▶ [SOURCE RECORDS]
========================
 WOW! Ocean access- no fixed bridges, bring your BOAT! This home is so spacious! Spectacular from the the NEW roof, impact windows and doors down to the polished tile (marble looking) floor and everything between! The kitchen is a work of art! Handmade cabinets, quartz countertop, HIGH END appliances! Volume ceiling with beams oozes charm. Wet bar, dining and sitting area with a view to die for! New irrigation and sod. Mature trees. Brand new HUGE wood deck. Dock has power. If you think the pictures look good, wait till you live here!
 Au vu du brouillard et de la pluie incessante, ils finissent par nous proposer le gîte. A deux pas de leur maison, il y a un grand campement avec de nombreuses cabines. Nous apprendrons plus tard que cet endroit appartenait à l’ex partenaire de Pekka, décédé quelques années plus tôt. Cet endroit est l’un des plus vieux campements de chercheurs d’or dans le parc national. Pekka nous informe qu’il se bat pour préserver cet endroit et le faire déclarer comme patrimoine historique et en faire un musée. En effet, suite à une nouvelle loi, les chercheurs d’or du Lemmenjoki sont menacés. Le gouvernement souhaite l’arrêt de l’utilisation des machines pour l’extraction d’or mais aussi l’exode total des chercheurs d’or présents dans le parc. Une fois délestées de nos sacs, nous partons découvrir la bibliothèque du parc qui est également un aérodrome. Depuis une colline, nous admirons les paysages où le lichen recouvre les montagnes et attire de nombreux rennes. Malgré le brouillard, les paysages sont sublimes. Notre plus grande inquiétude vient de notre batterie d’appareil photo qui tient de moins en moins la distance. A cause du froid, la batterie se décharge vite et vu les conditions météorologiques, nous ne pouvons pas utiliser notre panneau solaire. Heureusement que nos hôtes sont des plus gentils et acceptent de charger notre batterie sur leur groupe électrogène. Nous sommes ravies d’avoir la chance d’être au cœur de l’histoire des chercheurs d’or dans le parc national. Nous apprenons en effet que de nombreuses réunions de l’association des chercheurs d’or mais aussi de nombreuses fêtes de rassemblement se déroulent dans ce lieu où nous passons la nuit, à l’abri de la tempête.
========================
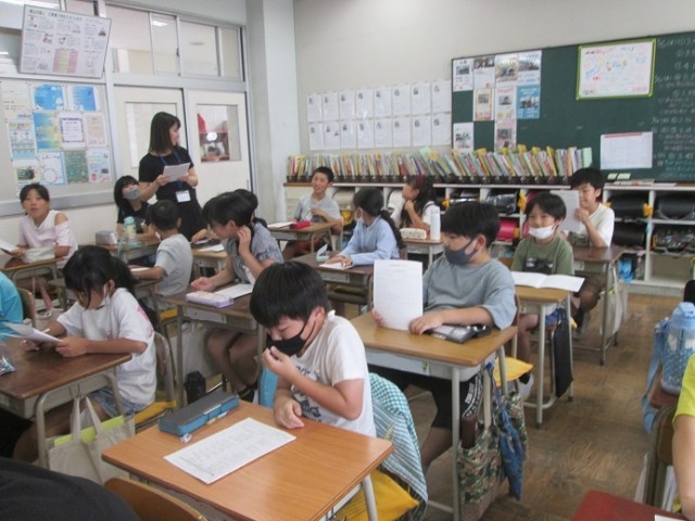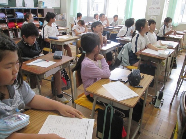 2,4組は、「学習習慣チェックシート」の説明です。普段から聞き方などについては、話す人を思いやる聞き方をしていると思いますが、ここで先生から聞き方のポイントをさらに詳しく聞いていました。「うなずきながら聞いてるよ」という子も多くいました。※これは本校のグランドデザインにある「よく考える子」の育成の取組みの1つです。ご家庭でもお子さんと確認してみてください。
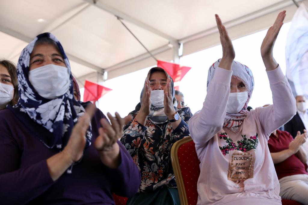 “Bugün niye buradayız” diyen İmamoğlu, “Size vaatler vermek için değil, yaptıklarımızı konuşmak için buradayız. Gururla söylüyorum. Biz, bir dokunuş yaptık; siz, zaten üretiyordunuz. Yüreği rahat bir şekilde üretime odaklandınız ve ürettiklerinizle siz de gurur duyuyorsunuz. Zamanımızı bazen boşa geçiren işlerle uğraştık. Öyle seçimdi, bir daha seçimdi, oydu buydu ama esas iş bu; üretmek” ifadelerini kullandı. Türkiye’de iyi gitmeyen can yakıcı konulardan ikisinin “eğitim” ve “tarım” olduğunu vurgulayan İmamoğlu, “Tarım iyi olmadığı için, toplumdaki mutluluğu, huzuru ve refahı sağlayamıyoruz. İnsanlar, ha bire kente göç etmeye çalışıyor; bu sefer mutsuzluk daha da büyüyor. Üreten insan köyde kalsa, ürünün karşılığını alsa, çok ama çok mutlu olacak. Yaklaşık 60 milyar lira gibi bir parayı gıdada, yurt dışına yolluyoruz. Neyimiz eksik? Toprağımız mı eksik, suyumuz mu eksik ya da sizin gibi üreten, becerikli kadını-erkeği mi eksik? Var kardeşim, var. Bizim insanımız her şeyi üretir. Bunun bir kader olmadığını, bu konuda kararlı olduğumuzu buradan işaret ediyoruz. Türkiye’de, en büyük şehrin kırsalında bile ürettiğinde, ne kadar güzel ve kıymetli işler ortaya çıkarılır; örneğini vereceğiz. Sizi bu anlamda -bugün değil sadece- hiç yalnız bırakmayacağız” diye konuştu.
========================
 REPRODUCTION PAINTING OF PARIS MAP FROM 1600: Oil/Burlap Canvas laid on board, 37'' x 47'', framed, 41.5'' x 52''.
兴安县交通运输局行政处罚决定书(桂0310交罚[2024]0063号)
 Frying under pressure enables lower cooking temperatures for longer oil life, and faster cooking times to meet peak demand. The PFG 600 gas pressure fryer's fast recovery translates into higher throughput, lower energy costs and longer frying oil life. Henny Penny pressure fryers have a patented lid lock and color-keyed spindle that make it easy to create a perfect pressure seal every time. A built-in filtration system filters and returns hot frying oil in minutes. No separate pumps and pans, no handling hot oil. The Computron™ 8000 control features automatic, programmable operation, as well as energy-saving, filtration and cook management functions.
========================
▶ [ASSIGNED TASK] There is a run of lines above from the one with "REPRODUCTION PAINTING OF" to the one with "兴安县交通运输局行政处罚决定书(桂0310交罚[2024]0063号)"; print exactly that run, both ends included, and nothing else.

▶ [ANSWER TO THE PROBLEM]
 REPRODUCTION PAINTING OF PARIS MAP FROM 1600: Oil/Burlap Canvas laid on board, 37'' x 47'', framed, 41.5'' x 52''.
兴安县交通运输局行政处罚决定书(桂0310交罚[2024]0063号)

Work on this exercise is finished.